I developed another theory in the regular expression engine. Perhaps the engine can predict whether the match could succeed with length, so the first 61727 tries failed fast. And the performance difference is observed by the \1+ part. It could be the case that confirming 61727 more copies of 11 is slower than confirming one more copy of 11…1 (61728 ones).

I therefore predict that the greedy version works better if and only if the composite number is even — if it is odd, the fail-fast would not work for $\frac{x}{2}\sim\frac{x}{3}$ because the engine has to first confirm a copy of the first captured group. This time the result somehow coincides with the prediction.

The code is collapsed for brevity. Show the code.

The code can be collapsed for brevity. Hide the code.

function isPrimeSqrtN(x)
{
    if (x < 2) return false;
    for (var i = 2; i * i <= x; ++i)
        if (x % i == 0)
            return false;
    return true;
}
function isPrimeRegex(x)
{
    return !/^1?$|^(11+?)\1+$/.test(Array(x+1).join('1'));
}
function isPrimeRegexGreedy(x)
{
    return !/^1?$|^(11+)\1+$/.test(Array(x+1).join('1'));
}

console.error(isPrimeSqrtN(9));
console.error(isPrimeSqrtN(7));
console.error(isPrimeRegex(9));
console.error(isPrimeRegex(7));
console.error(isPrimeRegexGreedy(9));
console.error(isPrimeRegexGreedy(7));

[50021, 50023, 50033, 50047].forEach(function (value)
{
    [1, 2, 3, 5, 7].forEach(function (factor)
    {
        var testee = factor * value;
        console.log(factor + ' * ' + value + ' = ' + testee);
        console.time('isPrimeRegex');
        console.error(isPrimeRegex(testee));
        console.timeEnd('isPrimeRegex');
        console.time('isPrimeRegexGreedy');
        console.error(isPrimeRegexGreedy(testee));
        console.timeEnd('isPrimeRegexGreedy');
        console.log('');
    })
});

The test result is collapsed for brevity. Show the test result.

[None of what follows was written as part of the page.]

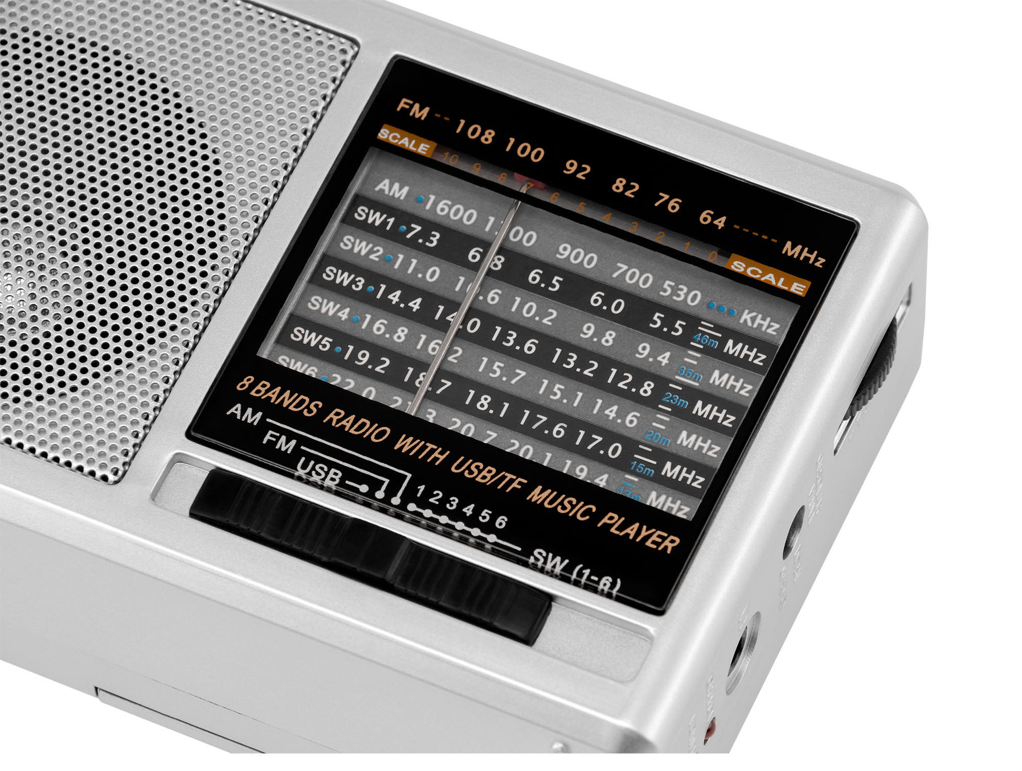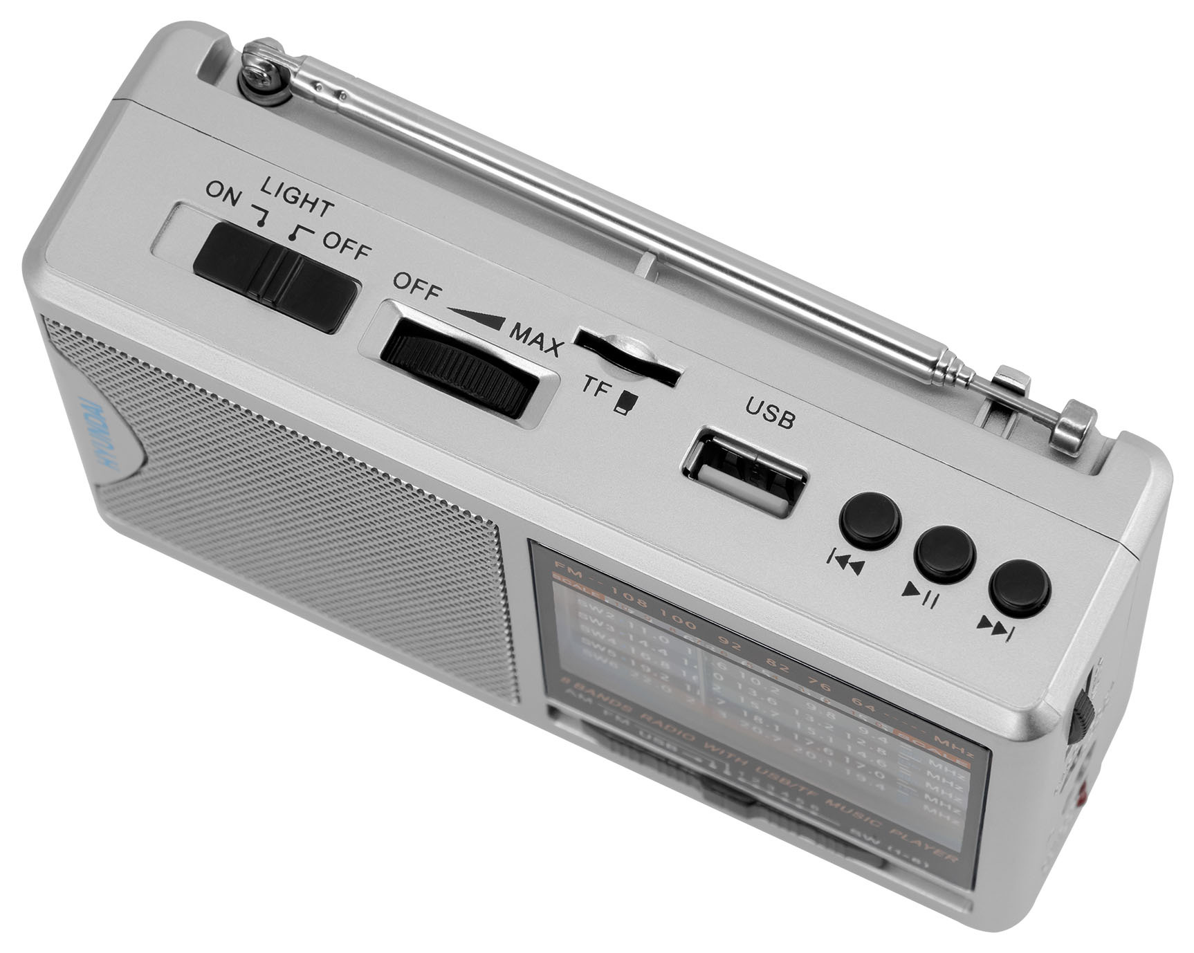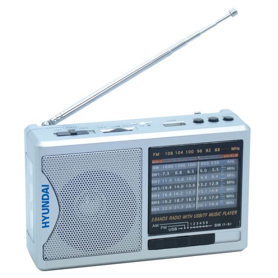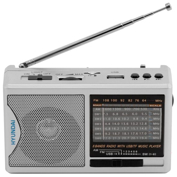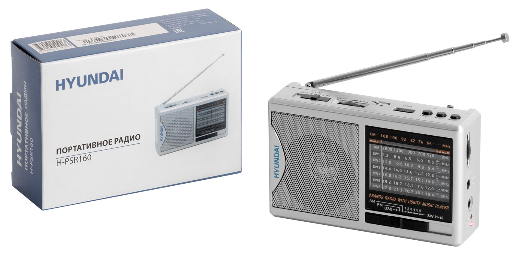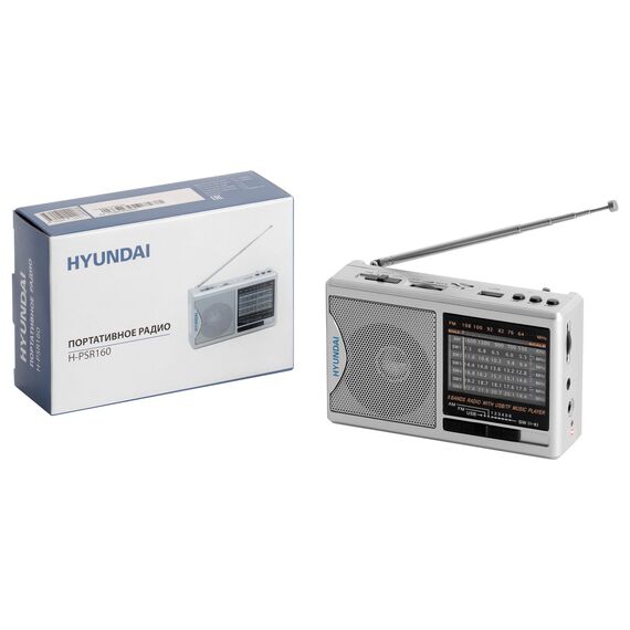 Радиоприемник портативный Hyundai H-PSR160 серебристый USB microSD [H-PSR160]

The test result can be collapsed for brevity. Hide the test result.

1 * 50021 = 50021
isPrimeRegex: 356.197ms
isPrimeRegexGreedy: 342.034ms

2 * 50021 = 100042
isPrimeRegex: 1.372ms
isPrimeRegexGreedy: 0.787ms

3 * 50021 = 150063
isPrimeRegex: 2.426ms
isPrimeRegexGreedy: 689.920ms

5 * 50021 = 250105
isPrimeRegex: 6.049ms
isPrimeRegexGreedy: 3928.162ms

7 * 50021 = 350147
isPrimeRegex: 5.987ms
isPrimeRegexGreedy: 9954.669ms

1 * 50023 = 50023
isPrimeRegex: 354.442ms
isPrimeRegexGreedy: 342.425ms

2 * 50023 = 100046
isPrimeRegex: 0.599ms
isPrimeRegexGreedy: 0.784ms

3 * 50023 = 150069
isPrimeRegex: 4.631ms
isPrimeRegexGreedy: 650.475ms

5 * 50023 = 250115
isPrimeRegex: 4.680ms
isPrimeRegexGreedy: 3947.305ms

7 * 50023 = 350161
isPrimeRegex: 8.555ms
isPrimeRegexGreedy: 10198.142ms

1 * 50033 = 50033
isPrimeRegex: 357.004ms
isPrimeRegexGreedy: 348.866ms

2 * 50033 = 100066
isPrimeRegex: 2.997ms
isPrimeRegexGreedy: 1.635ms

3 * 50033 = 150099
isPrimeRegex: 2.043ms
isPrimeRegexGreedy: 682.865ms

5 * 50033 = 250165
isPrimeRegex: 3.745ms
isPrimeRegexGreedy: 4187.814ms

7 * 50033 = 350231
isPrimeRegex: 5.976ms
isPrimeRegexGreedy: 10713.553ms

1 * 50047 = 50047
isPrimeRegex: 372.650ms
isPrimeRegexGreedy: 350.183ms

2 * 50047 = 100094
isPrimeRegex: 1.632ms
isPrimeRegexGreedy: 1.216ms

3 * 50047 = 150141
isPrimeRegex: 2.468ms
isPrimeRegexGreedy: 681.795ms

5 * 50047 = 250235
isPrimeRegex: 4.254ms
isPrimeRegexGreedy: 4137.351ms

7 * 50047 = 350329
isPrimeRegex: 8.131ms
isPrimeRegexGreedy: 10960.352ms

But anyway, who wants to use such code in practice?